This talk introduces the proportional genetic algorithm (PGA) and discusses the evolution of genomic organization in a PGA.
Knowledge representation is an important issue in the development of machine learning algorithms such as the genetic algorithm (GA). A representation determines what can be expressed, which in turn determines the concepts thatcan or cannot be learned. How a problem is represented in a learning algorithm also defines the shape of the landscape on which a learning algorithm searches which in turn determines the connections between candidate solutions and determine how a learning algorithm traverses the solution space.

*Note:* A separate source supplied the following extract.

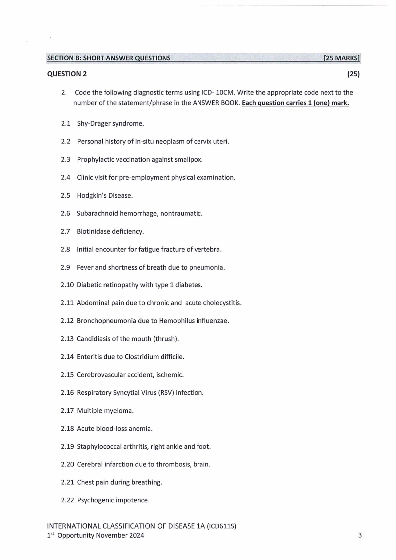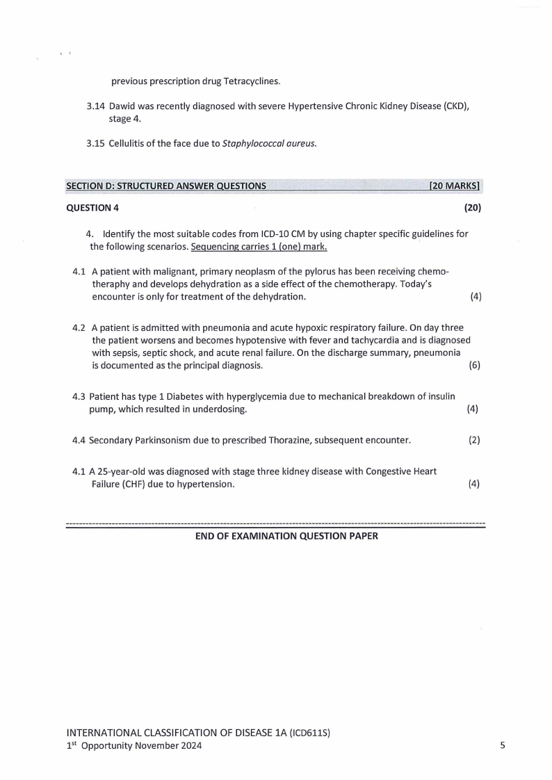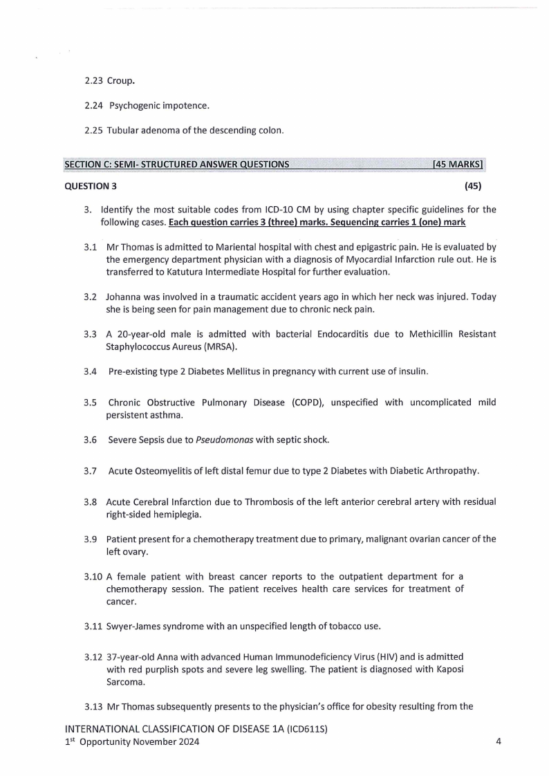 following cases. Each question carries 3 (three) marks. Sequencing carries 1 (one) mark

Typical binary-encoded GA representations are order-based representations that are compact and efficient but limit the evolvability of the GA. Problems such as positional bias and Hamming cliffs further limit the performance of a typical GA. We analyze the effectiveness of a general, multi-character representation in which information is encoded solely in terms of the presence or absence of genomic symbols on an individual. As a result, the ordering of the genomic symbols is free to evolve in response to other factors, for example, in response to the identification and formation of building blocks. Experimental analyses indicate that when the ordering of genomic symbols in a GA is completely independent of the fitness function and therefore free to evolve along with the candidate solutions that they encode, the resulting genomes self-organize into self-similar structures that favor the desirable property of a positive correlation between the form and quality of solutions.
Speaker Biography
Dr. Annie S. Wu is currently an assistant professor in the School of Computer Science at the University of Central Florida (UCF). She received a Ph.D. in Computer Science and Engineering from the University of Michigan under the guidance of Professors John Holland and Robert Lindsay. Before joining UCF, she was a National Research Council Postdoctoral Associate at the Navy Center for Applied Research in Artificial Intelligence at the Naval Research Laboratory. Dr. Wu has written over 45 peer-reviewed publications in the area of evolutionary computation. Her research has been funded by Intelligent Systems Technology Inc., DARPA, ITT Industries, Naval Research Laboratory,NAWCTSD, and SAIC. She is a member of the Executive Board of the ACM Special Interest Group for Genetic and Evolutionary Computation (SIGEVO) and a member of the editorial boards of the Evolutionary Computation Journal and the Journal of Genetic Programming and Evolvable Machines.